• _Dataset section_
****

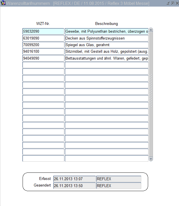 In der Auftragsposition wird die Warenzolltarifnummer gegen die Stammdaten geprüft. Stimmt die Warenzolltarifnummer nicht mit den Stammdaten im Basisartikel überein, so wird während der Positionserfassung die Werteliste geöffnet.
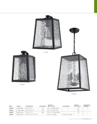 ITEM BULBS DIMENSIONS EXTENSION BACK PLATE CHAIN/WIRE ON CENTER FINISHES
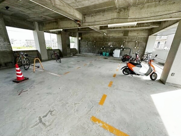 建物下の駐輪場は屋根付きで、バイクや自転車を雨から守れる

****

• _Activity_
Nothing but an exact transcription of the material, without pictures, should be returned.

• _Answer_
 In der Auftragsposition wird die Warenzolltarifnummer gegen die Stammdaten geprüft. Stimmt die Warenzolltarifnummer nicht mit den Stammdaten im Basisartikel überein, so wird während der Positionserfassung die Werteliste geöffnet.
 ITEM BULBS DIMENSIONS EXTENSION BACK PLATE CHAIN/WIRE ON CENTER FINISHES
 建物下の駐輪場は屋根付きで、バイクや自転車を雨から守れる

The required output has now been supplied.